In the default credit card example,

Do we have exactly two outcomes?
Do we have constant probability? $P(y_1 = 1) = P(y_2 = 1) = \cdots = P(y_n = 1) = \pi?$

Nonconstant Probability

Two outcomes: Default $(y = 1)$ and Not Default $(y = 0)$
The probability of success, $\pi$, changes with the value of predictor, $X$!
With a different value of $x_i$, each Bernoulli trial outcome, $y_i$, has a different probability of success, $\pi_i$.

\[ y_i \mid x_i \stackrel{indep}{\sim} \text{Bernoulli}(\pi(x_i)) = binomial(m=1,\pi = \pi(x_i)) \]

$X =$ balance. $x_1 = 2000$ has a larger $\pi_1 = \pi(2000)$ than $\pi_2 = \pi(500)$ with $x_2 = 500$ because credit cards with a higher balance are more likely to default.

The idea of nonconstant probability in logistic regression is similar to the idea of different mean response value in linear regression. In linear regression, the mean response level is linearly affected by the predictor’s value, $E(Y \mid X) = \beta_0 + \beta_1X$. In logistic regression, $\pi(x) = P(Y = 1 \mid X = x)$ is a function of $X$. In our example, the higher value of $X$, the higher value of $\pi$, although their relationship is not linear. The fact that the regressor $X$ affects the mean response level or the probability of the response belonging to some category is the reason why we use regression. Through the relationship between the response and regressors, knowing $X$ better helps us know the value of $Y$.

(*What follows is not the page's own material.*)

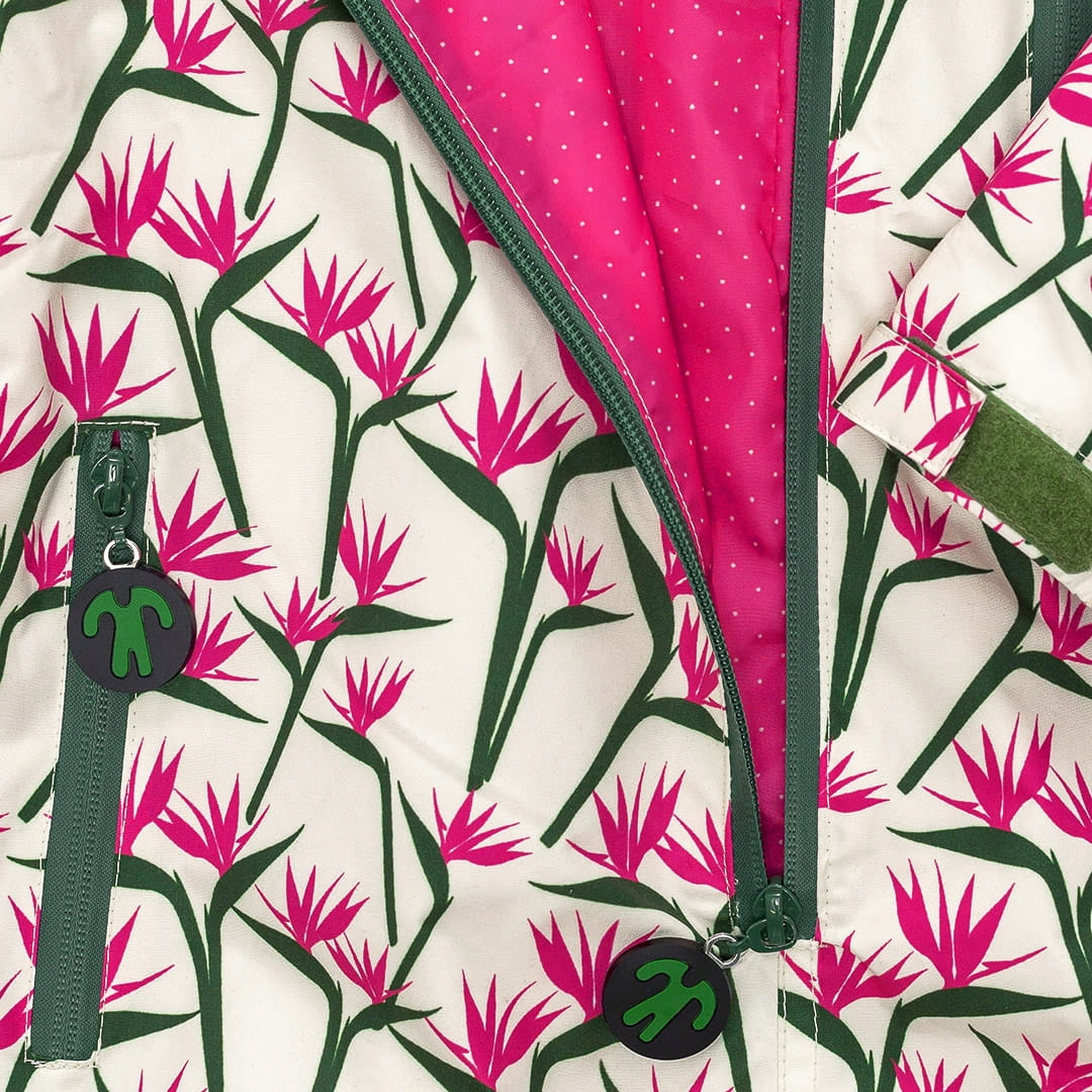 Модный, забавный, оригинальный и практичный цельный всесезонный костюм для девочки Ducksday 'Дождь и снег' с мембраной, без утеплителя, непромокаемый, ветронепроницаемый, дышащий, а также защищает от снега зимой. Складывается в небольшой размер. Сумка расположена внутри штанины костюма, поэтому ее всегда можно носить с собой.
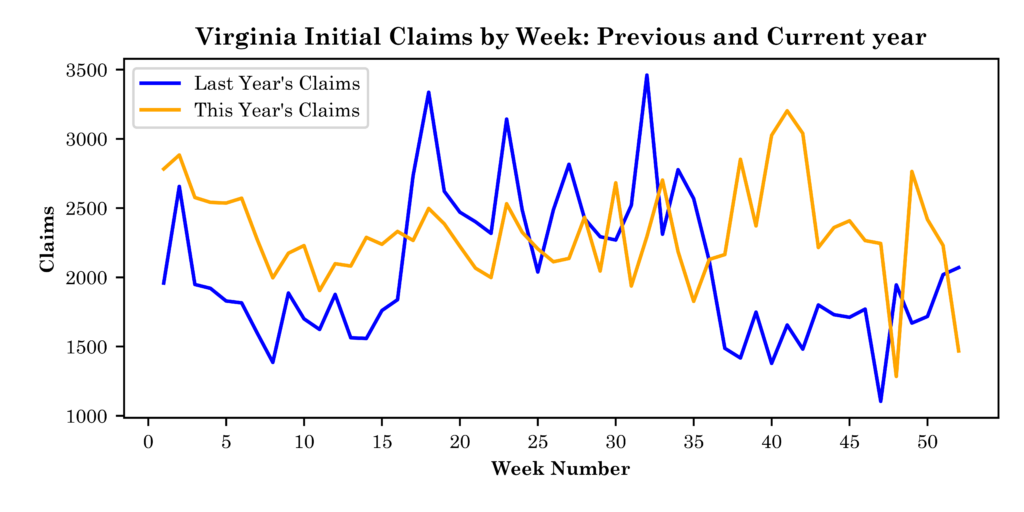 RICHMOND— Virginia Works announced today that 1,468 unemployment insurance weekly initial claims were filed during the week ending December 28, 2024, which is 34.2 percent lower than last week’s 2,230 claims and 29.1 percent lower than the comparable week of last year (2,070). Nearly 74 percent of claimants self-reported an associated industry; of those reported, the top five industries (64 percent) were Manufacturing (174); Construction (168); Accommodation and Food Services (140); Administrative and Support and Waste Management (115); and Professional, Scientific, and Technical Services (82).

Because of this Bernoulli assumption, the logistic regression is also called binomial regression.

Logistic Regression

Now it’s time to see what the logistic regression is. Logistic regression models a binary response $(Y)$ using predictors $X_1, \dots, X_k$.

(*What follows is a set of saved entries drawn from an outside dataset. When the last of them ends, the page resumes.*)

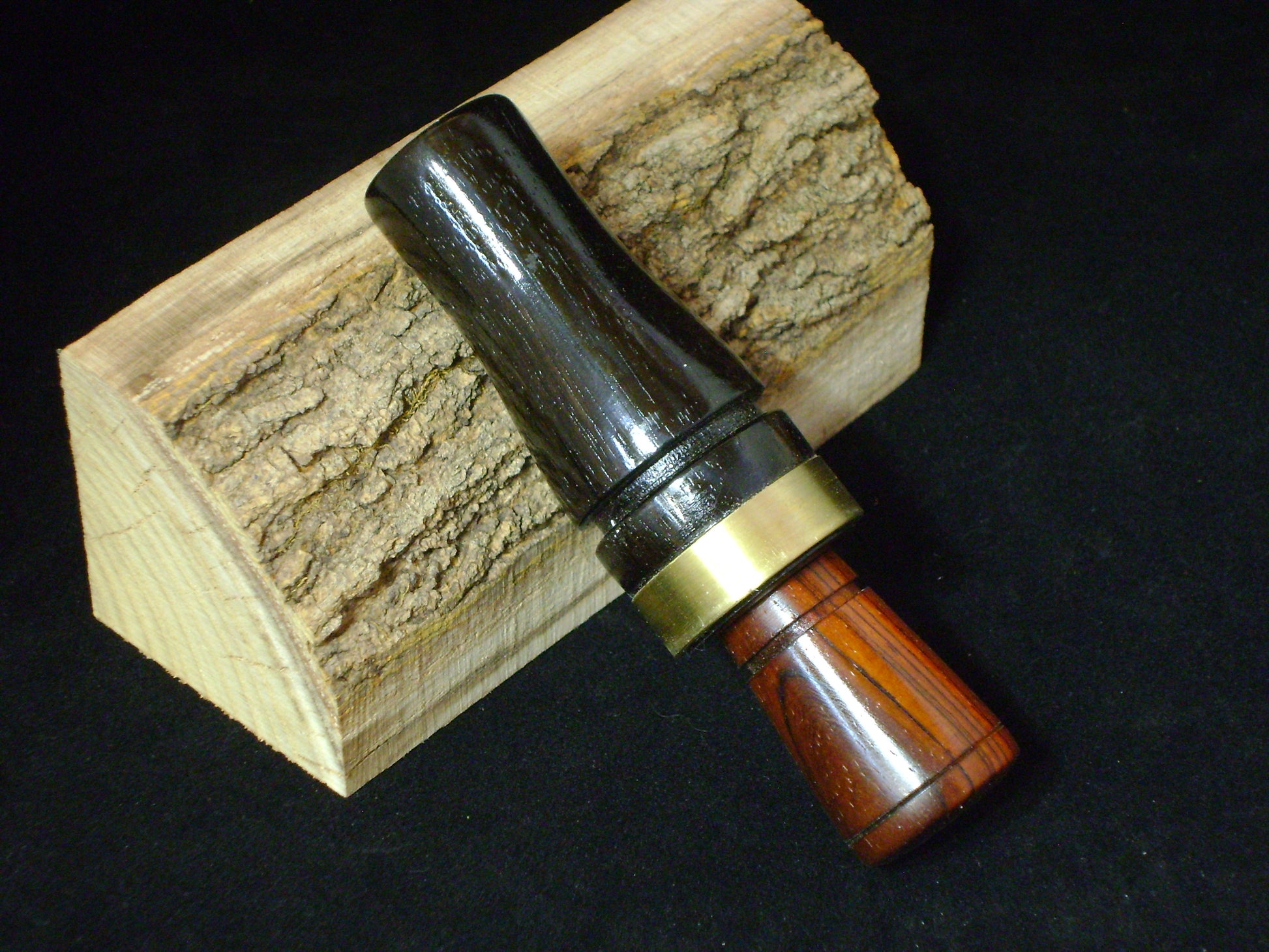 This is a all wood Mallard duck call. Hand cut tone board from my personal J-frame jig. The barrel of this call is made from African Blackwood with a Cocobolo tone board exhaust. Brushed brass band on the barrel of the call. Gloss finished wood. Call has good volume and nice low end rasp. Can be used for timber call or open water and will carry well. Easy to blow 10mm thickness single reed. Call bag included.
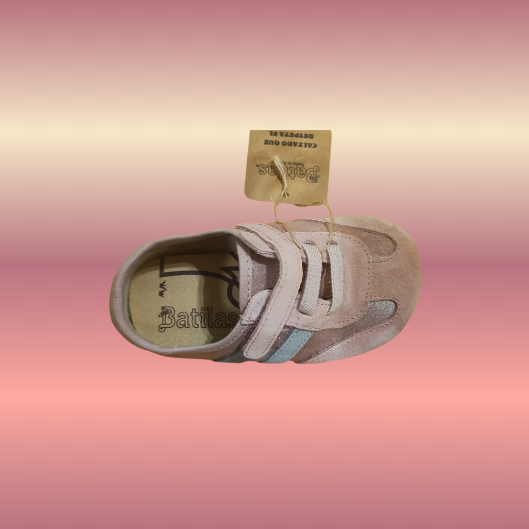 Las zapatillas deportivas barefoot de serraje rosa con velcro están diseñadas para ofrecer a los más pequeños comodidad, libertad de movimiento y un estilo moderno y atemporal. Fabricadas en serraje suave y duradero, estas zapatillas infantiles combinan diseño minimalista con la practicidad que los niños necesitan en su día a día.
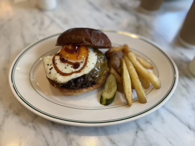 お店で一番人気というこちらのバーガーをいただきました!和牛パティおんいしいいい。もう好きな具が全部入ってる!

$k = 1$: simple logistic regression
$k > 1$: multiple logistic regression

But remember, we are not predicting $Y$ directly. Instead, our goal is to use predictors $X_1, \dots, X_k$ to estimate the probability of success $\pi$ of the Bernoulli variable $Y$. And if $\pi > threshold$, say 0.5, $\hat{Y} = 1$, if $\pi < threshold$, $\hat{Y} = 0$. But how?

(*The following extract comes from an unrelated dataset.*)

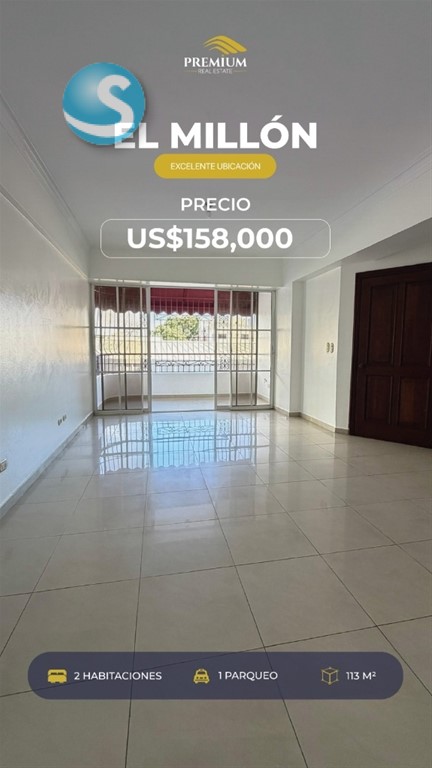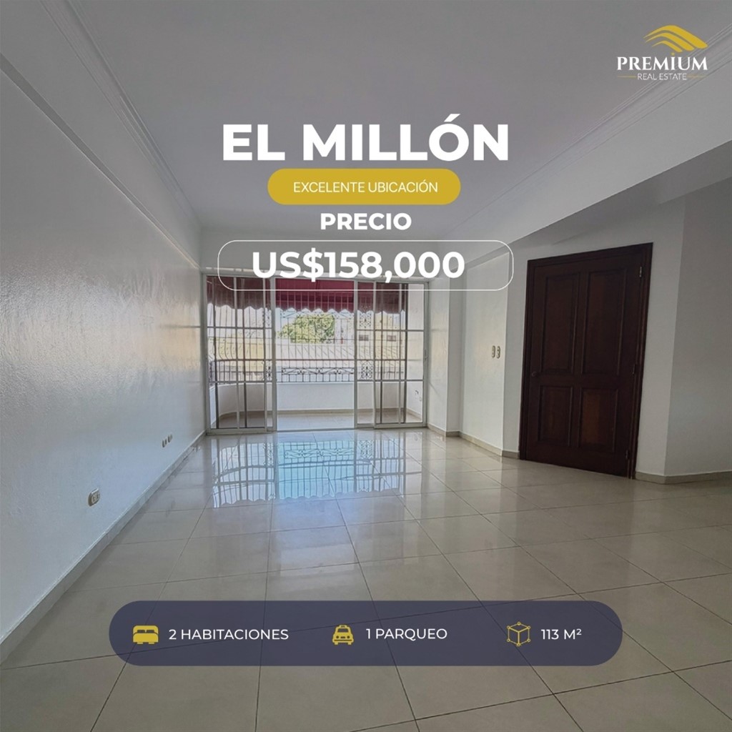 El millón, DN.?? Excelente Ubicación! 113 mts. Más 12 mts de parqueo. 3er nivel 2 hab Hab. Principal con baño y walk-in ckoset. Balcón Sala/comedor Área de lavado Cuarto de servicio con su baño Ascensor Gas Común Planta Eléctrica áreas comunes Intercom Seguridad 24/7 1 Parqueo Mantenimiento RD$5,500 Precio Rebajado: USD$158,000

Now that it’s not good to use $y = 0, 1$ in the regression, and predicting a probability having value between 0 and 1 sounds difficult. How about this. we transform $\pi \in (0, 1)$ into another variable say $\eta \in (-\infty, \infty)$ living on the whole real line. So that we can reasonably fit a linear regression on $\eta$ because the linear predictor could be any value.

In the logistic regression, we use the logit function:

$\eta = logit(\pi) = \ln\left(\frac{\pi}{1-\pi}\right)$

which is in fact the log odds. This transformation is monotone. The higher $\pi$ is, the larger $\eta$ is. When $\pi$ approaches to zero, $\eta$ approaches to $-\infty$, and when $\pi$ approaches to 1, $\eta$ approaches to $\infty$.

Figure 29.5: Graphical illustration of the logit function

Then we can assume $\eta$ is a linear function of $x$:

\[\eta(x) =\ln \left( \frac{\pi(x)}{1 - \pi(x)} \right)= \beta_0 + \beta_1x\] By doing so, we connect $x$ and $\pi$ (and $\eta$) together, and we can learn how $x$ affect $\pi$ (and $\eta$) through the coefficients $\beta_0$ and $\beta_1$.

Well, the question is, if we obtain the $\beta_0$ and $\beta_1$ estimates, and therefore obtain $\eta$ estimated value, how do we obtain $\pi(x)$, our real interest? We can consider transform $\eta$ back to $\pi$ using the inverse function of the logit function, which is the logistic function.

So the logit function $\eta = logit(\pi) = \ln\left(\frac{\pi}{1-\pi}\right)$ takes a value $\pi \in (0, 1)$ and maps it to a value $\eta \in (-\infty, \infty)$. But the logistic function denoted as \[\pi = logistic(\eta) = \frac{\exp(\eta)}{1+\exp(\eta)} = \frac{1}{1+\exp(-\eta)} \in (0, 1)\] takes a value $\eta \in (-\infty, \infty)$ and maps it to a value $\pi \in (0, 1)$.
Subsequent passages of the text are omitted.